Consistent with previous findings on hypothesis evaluation (Wright 1993; Biggs et al. 1988), the expert evaluates multiple causal hypotheses simultaneously. He indicated a set of seven causal hypotheses for unusual fluctuations. (7) The selection criteria were that all major feasible explanations are included and each hypothesis is distinctive in terms of the underlying motivation and its subsequent audit implications (e.g., further audit procedures required). Compared to considering a subset of the hypotheses, focusing on all possible causes may diminish, if not eliminate, any potential interference effects (Bell and Wright 1995, 134-135). (8) The seven possible causes are:

Cause 1: Earnings management or fraudulent reporting by executive management without defalcation;

Cause 2: Misappropriation of assets by executive management with or without an attempt to conceal the misappropriation;

Cause 3: Earnings management or fraudulent reporting by manager(s) or professional(s) without defalcation;

Cause 4: Misappropriation of assets by manager(s) or professional(s) with or without an attempt to conceal the misappropriation;

Cause 5: Judgment errors by executive(s), manager(s) or professional(s);

Cause 6: Ineffective operation of the client's accounting information system caused either by personnel--or system-related problems;

Cause 7: Unexpected economic conditions (nonerror).

Although Causes 1 and 3 are similar, the expert separated these Causes because of the different motivations of alternative levels of management to manipulate the account balances. Similar reasoning resulted in separation of Cause 2 from Cause 4.

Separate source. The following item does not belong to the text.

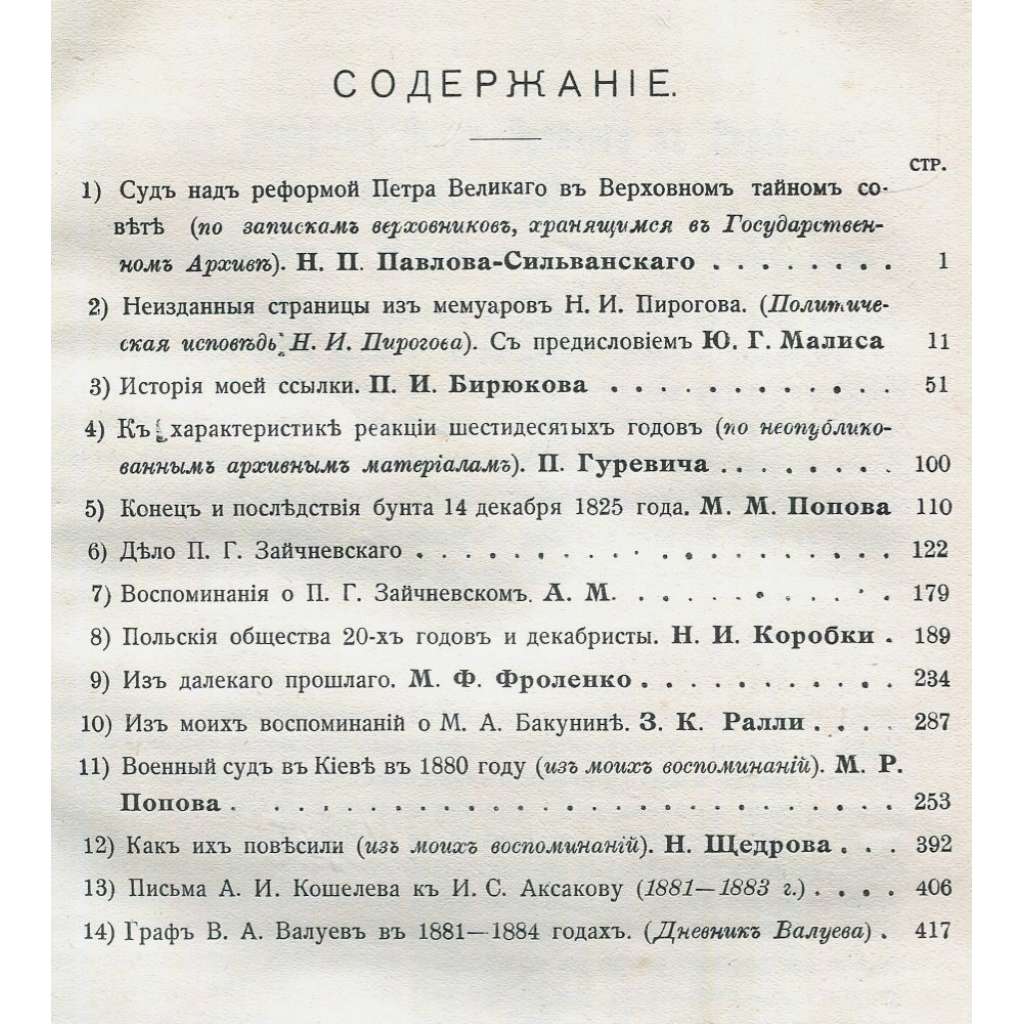 Sborník historických studií, který navázal na zakázaný historický časopis "Byloje" a byl distribuován jeho předplatitelům. Viz naskenovaný obsah. Na sborník poté navázal další časopis "Minuvšie gody".

Base Rate Probabilities of Causes

Auditors acquire frequency knowledge of the occurrence of errors and causes thereof (Butt 1988; Ashton 1991). The expert provided base rate probabilities for each of the seven causes that would explain any (1) significant overstatements and (2) understatements of the client's revenue, gross accounts receivable, and allowance account balances. The most likely cause of significant revenue and accounts receivable overstatements is unexpected economic conditions that were not incorporated in the auditor's client balance predictions (subgoal #9); therefore, Cause 7 has a base rate probability of .777. The most likely error cause that would explain overstated revenue is earnings management or fraudulent reporting performed by executive management versus midlevel management, resulting in base rate probabilities of. 12 for cause 1 and .03 for Cause 3. Within Cause 1, the expert further differentiated earnings management, a legal but perhaps unethical act, from fraudulent reporting, an illegal act. The expert uses a 3:1 likelihood ratio for these two behaviors; however, the model combines them given their similar audit implications.

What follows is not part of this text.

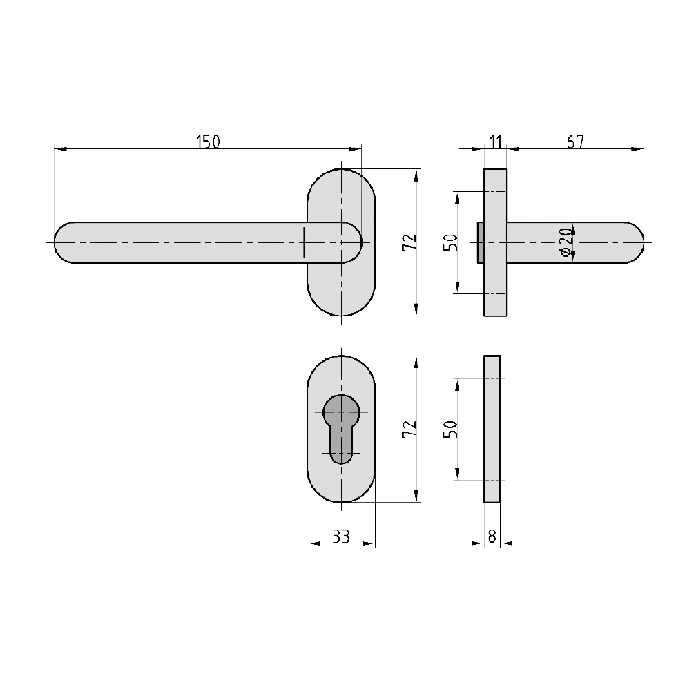- ovale Rosetten verdeckt geschraubt

Concerning Cause 2 and Cause 4, causes resulting from misappropriation of assets, the expert pointed out that thefts would be associated with understated (not overstated) revenue and accounts receivable; therefore, their probabilities given overstatements should be essentially zero. Also, manufacturing companies typically use simple point-of-sale revenue recognition: it is unlikely that judgment error would result in an unusual fluctuation (overstatements or understatements); thus, the base rate probability of Cause 5 is also extremely low. In addition, the expert indicated a base rate probability of .07 that Cause 6 (i.e., ineffective operation of the client's information system) would explain overstated revenue and accounts receivable.

The expert indicated similar reasoning for significantly understated revenue and gross accounts receivable. The expert assigned the highest base rate probability of .813 to Cause 7, i.e., unexpected economic conditions. The most likely error cause of understated revenue and accounts receivable is "earnings management or fraudulent reporting by executive management" (Cause 1) with a base rate probability of .10, e.g., when executive management has an incentive to "move" earnings to the following year. The next mostly likely error cause is Cause 6, i.e., ineffective operation of the client's information system, with a base rate probability of .07. The expert assigned very low probabilities to the other four causes, for a total base rate of less than .02.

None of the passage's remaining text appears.